On their very own website, Chevrolet has this to say about their “Task Force” generation of work vehicles manufactured from 1955 to 1959: “There’s a Legend behind every Chevy Truck. Built for the toughest of jobs for generations, Chevy pickups have become part of the fabric of our country, conduits of shared experience, and vehicles of common memories.”
It wouldn’t be a stretch to think GM webmasters had Parker Lindow’s ’57 long bed in mind when they wrote that testimony to their trucks’ ability to move not just tools and materials, but also hearts and minds.
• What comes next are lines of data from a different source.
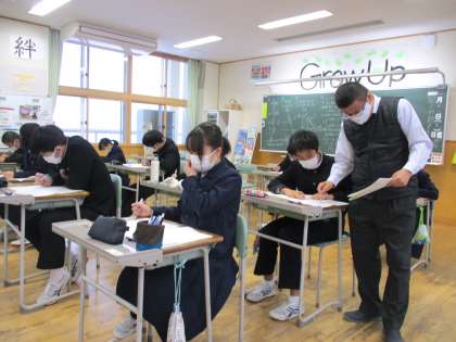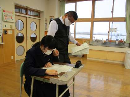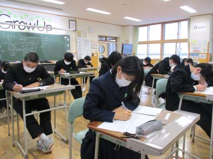 3年1限 数学 公開日 2022/01/18 更新日 2022/01/18 日々の活動から 1月18日(火) 3年生の数学の授業の様子です。 私立高校の過去の問題に挑戦しました。 授業担当者が、一人一人にアドバイスしていました。
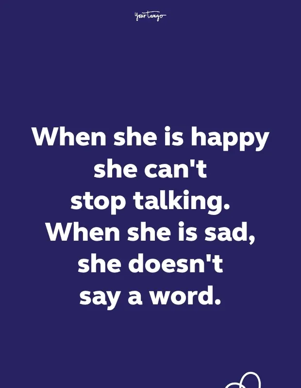 32. 'Amikor boldog, nem tudja abbahagyni a beszélgetést. Amikor szomorú, nem mond egy szót sem. - Ismeretlen
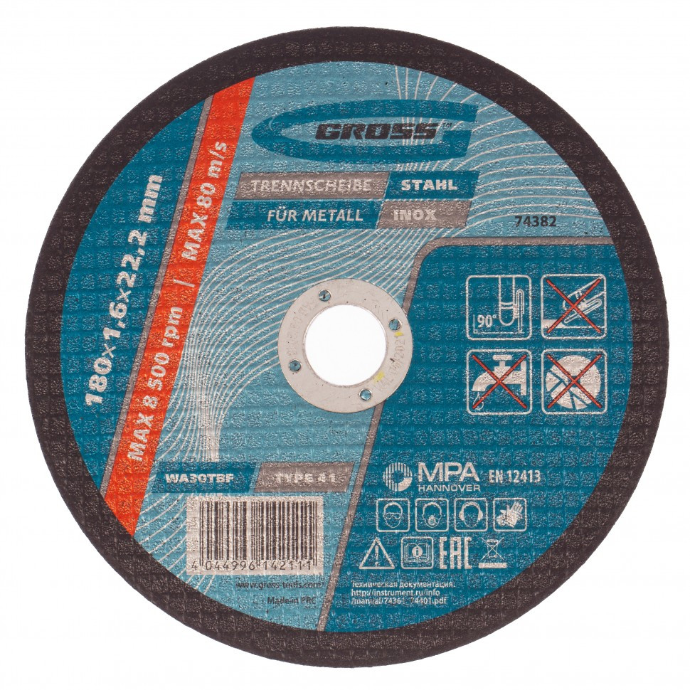 - Круг отрезной по металлу Gross 74382 180х1,6х22,2 мм
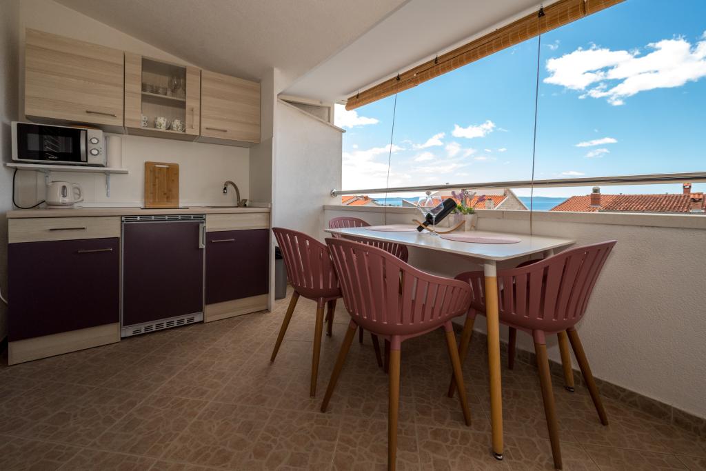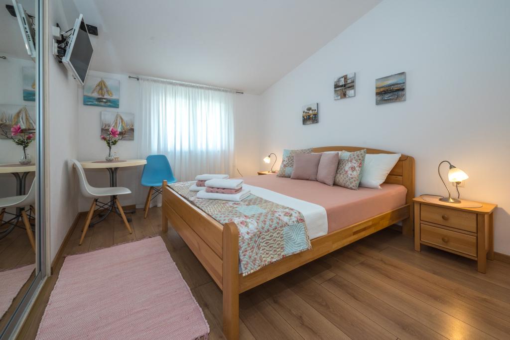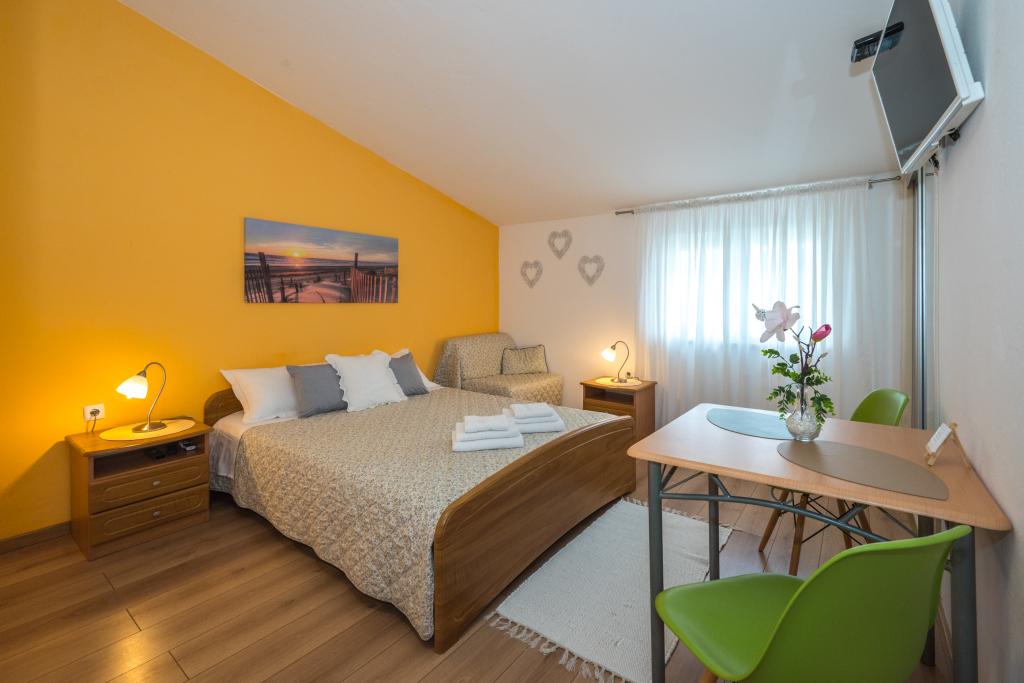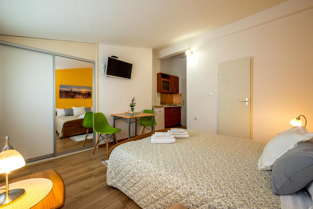 Комнаты аккуратные, современные, хорошо оборудованы и расположены на втором этаже семейного дома, перед которым находится двор для парковки автомобилей гостей. Сам дом расположен в красивом, очень туристическом районе Макарски, примерно в 90 м от городского пляжа, в радиусе 200 м от которого находятся 8 отелей. Хозяин имеет многолетний опыт работы в туристической индустрии. В 500 м от дома находится теннисный центр и аквапарк, в 800 м — главный городской парк со спортивно-развлекательными сооружениями, а в 1000 м — начало центра города. В 100 м находится дайвинг-центр, а на таком же расстоянии — отель «Биоковка», предлагающий крытые бассейны, сауны, тренажерные залы, физиотерапию и массаж. Среди близлежащих достопримечательностей — Музей раковин в городе, природный парк Биоково со знаменитой смотровой площадкой Skywalk, Красное и Голубое озера в Имотски, туристические прогулки на катере на остров и в город Корчула, а также знаменитый пляж Златни рат на острове Брач.
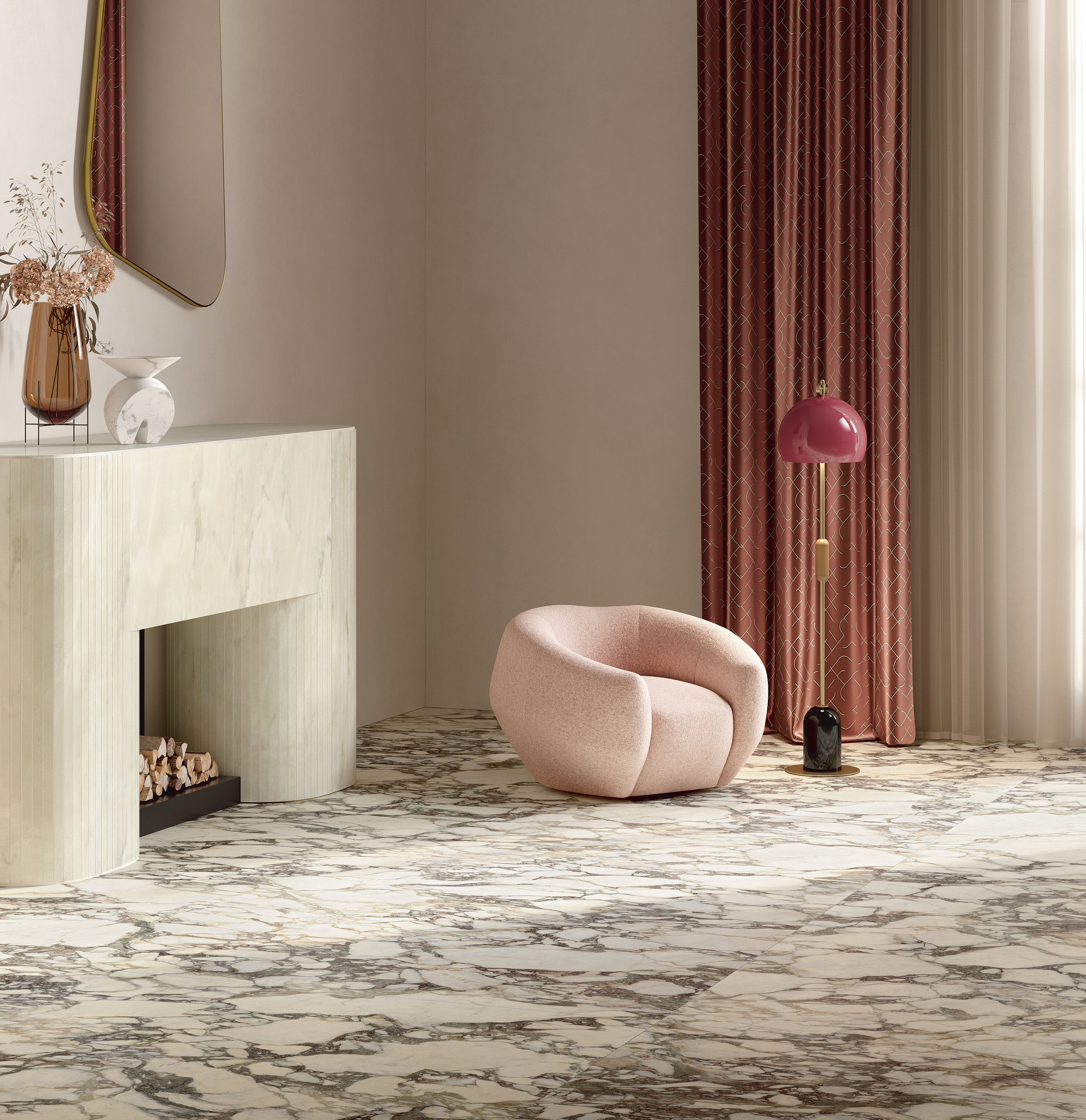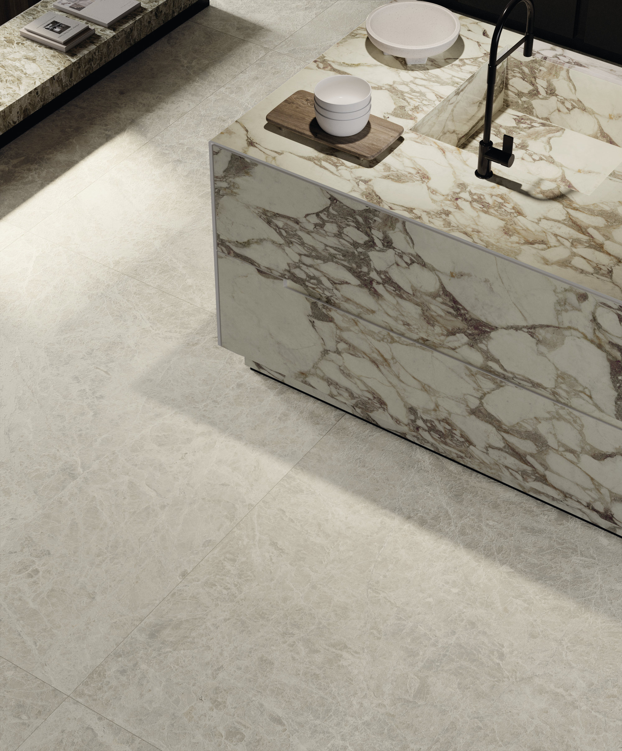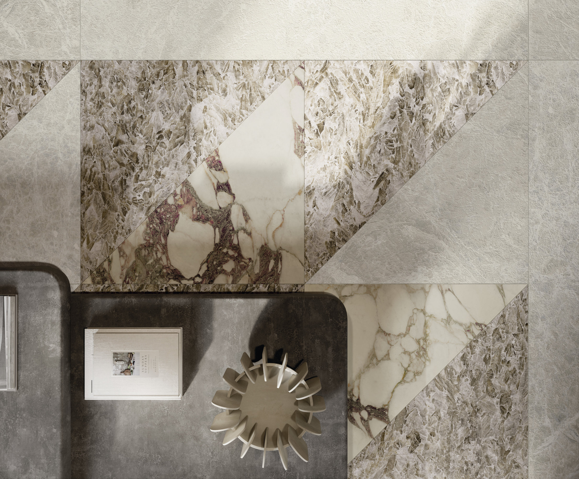 La structure largement veinée et son caractère noble évoquent les fastes anciens. Le liant, dans des tons violets classiques, dessine des formes libres sur le fond blanc chaud, tandis que les nuances vertes ou rosées se mêlent à des éclats presque dorés. La polychromie est parfaitement réussie. Disponible en formats classiques et Maximum.

Parker Lindow works at Biltwell, and his daily driver is a Motor City monument to what’s possible when men get greasy during the shared quest of a common goal.
Parker was 20 years old in November 2012 when his search for a vintage truck began. After accepting the fact his green wrenching skills probably weren’t sufficient to keep an old truck rolling, he found his dream rig on Craigslist: an all-original ’57 Chevy long bed with an inline six and three on the tree for five grand in Huntington Beach. Eight weeks later he blew up the inline six screaming down the highway. Grandpa’s friend had a 283 small-block Chevy engine, so the three of them did a motor swap in Gramps’ airplane hangar. Parker remembers those days among the best of his young life. Fifteen months later, things would turn grim.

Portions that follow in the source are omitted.